Il secondo libro è quello storico: racconta come è cambiato questo Paese, certo assai lentamente e forse non fino in fondo, ma certamente in maniera profonda. Per arrivare ad oggi: “Il risultato è un tentativo di fotografare, per forza parziale, dei 10,4 milioni di italiane che abitano questo Paese e hanno figli. Non importa nati come; importa nati. Un insieme di donne diverse, a cui si chiede di lavorare come se non fossero madri, pena l’espulsione dal mercato, di essere madri come se non lavorassero, pena lo stigma. E poi di essere nonne come se la massima e unica vocazione al tramonto dell’esistenza fosse quella di occuparsi dei figli dei figli”.
Il terzo libro è pieno di dati e informazioni. Numeri utilissimi a capire quanto è stato fatto e quanto ancora è necessario fare per consentire a ogni donna che desideri diventare madre di poterlo fare in piena libertà, serenità e anche con un pizzico di allegria che non guasta. Dati necessari a definire politiche pubbliche e strategie sindacali. Un grazie alle autrici che hanno saputo trovarli, organizzarli e renderli facilmente consultabili.
Infine, ma forse prima di tutto è un libro politico, in un’accezione precisa di questo termine.
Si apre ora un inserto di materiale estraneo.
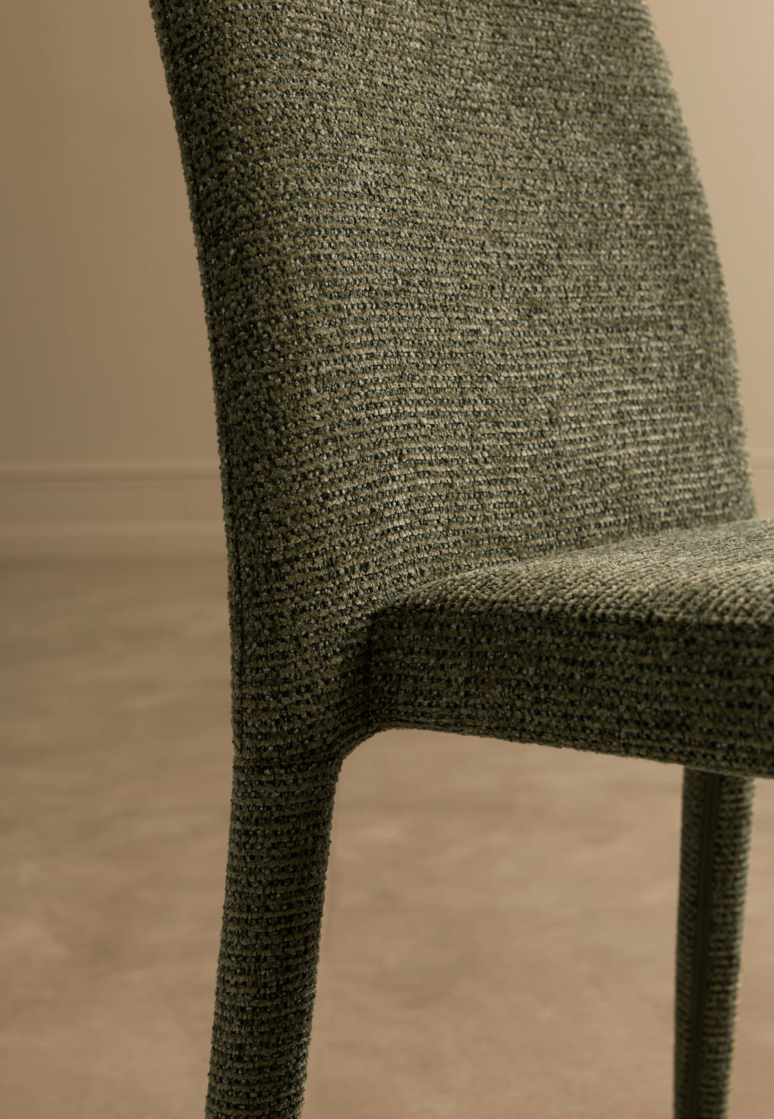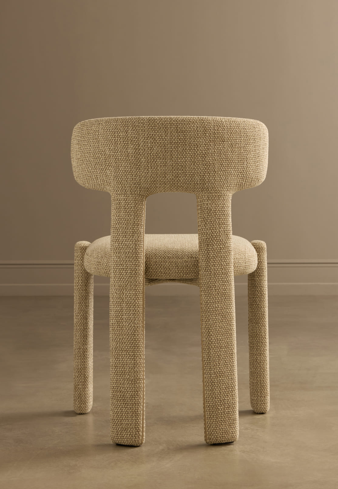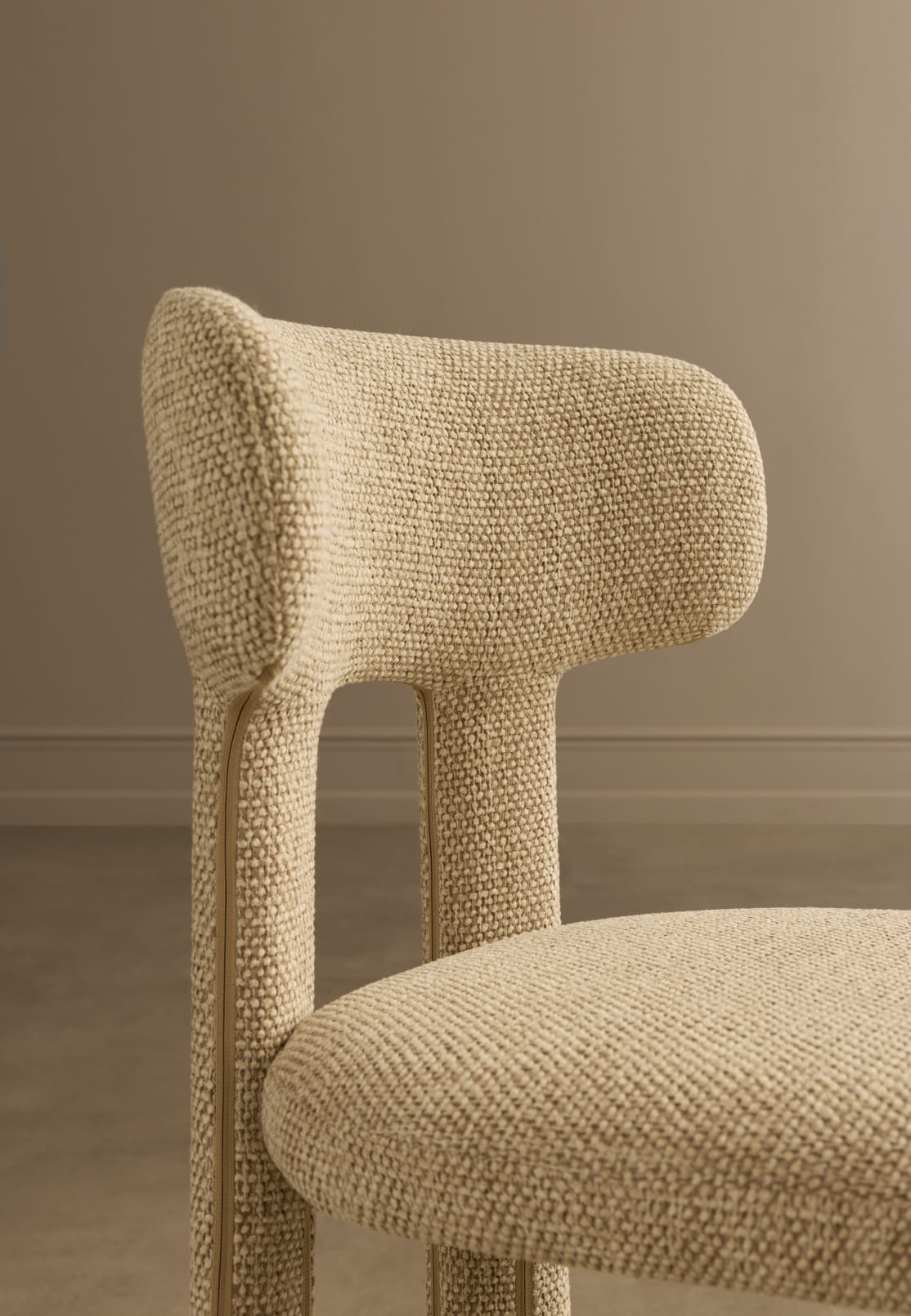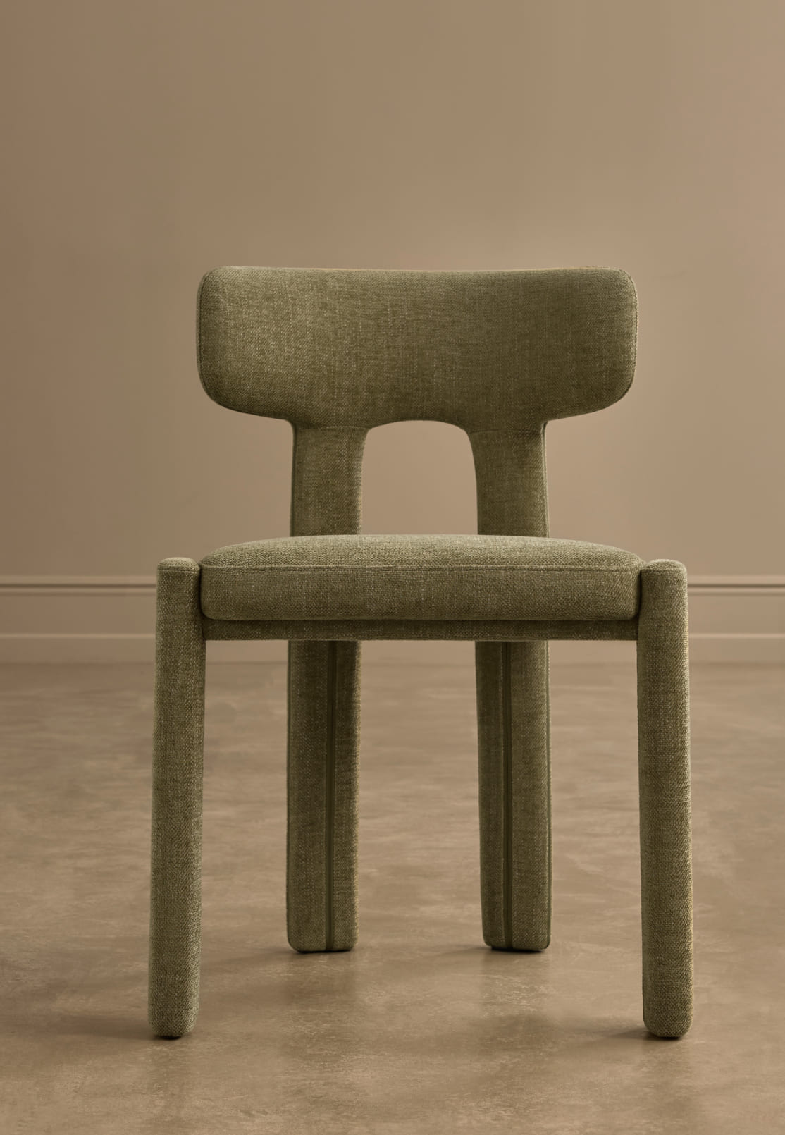 Благодаря тотальной тканевой обивке и округлым линиям исчезает жёсткость, присущая традиционным деревянным стульям. Pierce — это пример грамотной трансформации: тактильная теплота материалов делает устоявшийся дизайн-код гостеприимнее и человечнее, не нарушая чёткости и изящества пропорций.

Quella di chi ritiene, come Monica D’Acenzio e Manuela Perrone, che la democrazia non sia un metodo ma lo spazio libero in cui si esprimono i cittadini e le cittadine. La democrazia non è solo governo del popolo, ma per il popolo.
Per Giorgia Meloni, Eugenia Roccella, forse anche per la Calderone, ma non vi è traccia del suo pensiero in proposito, e certamente per gli uomini della coalizione al governo, la maternità è un “fatto” privato ma utile a rendere forte e “virile” la patria. L’esser madre è “fatto” esclusivo delle donne che al massimo, per gentile concessione possono essere “aiutate” a conciliare quello di madre con altri ruoli che volessero svolgere, a cominciare da quello di lavoratrici. Non sarà, infatti, un caso, che nel famoso elenco con cui Meloni si è definita non compare affatto: “Sono una donna, sono una madre, sono italiana, sono cristiana”.
Se democrazia è anche lo spazio libero in cui si esprimono i cittadini e le cittadine, le autrici lo occupano pienamente. E il loro obiettivo dichiarato, e perseguito perfettamente, è quello di contribuire a sottrarre alla destra il discorso pubblico sulla maternità.
C’era un tempo in cui le donne si batterono per affermare il valore sociale della maternità, a sinistra - è il pensiero che attraversa l’opera - occorrerebbe avere il coraggio di riafferrare il discorso pubblico sulla maternità. Lo fanno certamente, e bene, D’Ascenzo e Perrone, ma non come esercizio stilistico e nemmeno come attività giornalistica, ma come impegno politico.
Nel volume ci sono tanti altri libri, a ciascuna e ciascuno dei lettori l’onere e il piacere di scoprirli. Importante però è che venga fatto leggere alle ragazze e ai ragazzi per far capire da dove veniamo, e dove potremmo andare. Dentro c'è un'idea di società e di ciò che vorremmo diventasse.